2Несмотря на отсутствие достаточных документальных свидетельств, думаю, прав А.М. Песков, объясняющий разрыв с Киреевским не литературными, а чисто бытовыми причинами, какой-то светской сплетней, поссорившей их. См. Летопись…
3 Дерюгина Л.B. О жизни поэта Евгения Баратынского // Е.А.Баратынский. Стихотворения. Письма. Воспоминания современников. М., 1997.
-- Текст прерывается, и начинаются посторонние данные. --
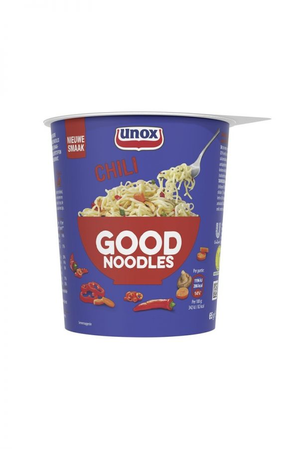 Import Olanda Noodles chili picanti de la Unox au un gust inconfundabil si devine o gustare delicioasa sau o masa calda atat la birou cat si acasa.

4 Семенко И.М. Поэты пушкинской поры. М., 1970.
Глава 4
Элегии и лирические монологи
Как мы видели, в поэзии Лермонтова жанр аллегории претерпевает глубокие изменения и, по существу, совершенно перерождается. Постепенно складывается лирика особого типа: с небывало большим значением художественного подтекста, богатая ассоциациями, требующая активного и творческого восприятия. Сюда относятся такие стихотворения Лермонтова, как «Парус», «На севере диком», «Утес», «Тучи», поздние баллады.
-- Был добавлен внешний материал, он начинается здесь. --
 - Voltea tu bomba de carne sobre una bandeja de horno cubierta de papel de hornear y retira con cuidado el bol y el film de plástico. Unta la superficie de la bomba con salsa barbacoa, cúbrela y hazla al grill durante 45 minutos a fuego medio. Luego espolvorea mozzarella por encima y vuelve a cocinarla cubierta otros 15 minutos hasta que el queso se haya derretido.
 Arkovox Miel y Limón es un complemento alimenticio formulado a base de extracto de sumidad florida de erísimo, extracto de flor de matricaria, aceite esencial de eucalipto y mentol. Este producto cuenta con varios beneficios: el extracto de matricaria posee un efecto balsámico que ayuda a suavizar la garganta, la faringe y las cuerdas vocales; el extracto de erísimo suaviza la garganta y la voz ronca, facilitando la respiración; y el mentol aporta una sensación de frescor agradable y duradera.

Вместе с тем в лирике Лермонтова на протяжении всей жизни поэта развивается и совершенствуется жанр лирического монолога, медитативный по своему характеру. Отказ от конкретной образности (хотя бы и в такой очень рационалистической форме, как аллегория) и победа монолога-рассуждения – закономерное явление в поэзии любомудров. Явление это – непосредственный результат их литературной теории и тех целей, которые они перед собой ставили. По существу, в их поэзии формируется новый жанр лирического стихотворения – философский монолог. Разумеется, само понятие жанра в изучаемый период изменяется по сравнению с тем, каково оно было в применении к лирике конца XVIII – начала XIX вв. Монолог – очень свободная, даже в известной мере расплывчатая форма, но именно эта неопределенность, допускающая большое разнообразие, делает его характерным явлением для русской литературы того времени. Это – любимый жанр молодого Лермонтова. Но лермонтовский монолог – явление существенно новое по сравнению с монологом любомудров. Поэзия Лермонтова уже в самые ранние годы сплавлена единством лирического сознания. В сущности, она может быть прочитана как своеобразный лирический роман одного героя, повествование о становлении духовного мира человека 30-х годов. Но это специфическое свойство лермоновской лирики присуще ей именно как целостному единству. Совершенно понятно, что в каждом отдельном лирическом стихотворении, взятом изолированно, оно не может быть уловлено вполне. Тем не менее и внутри одного стихотворения какие-то черты могут предстать в совершенно особом значении, если их рассматривать в свете этого представления об общем характере лирики Лермонтова.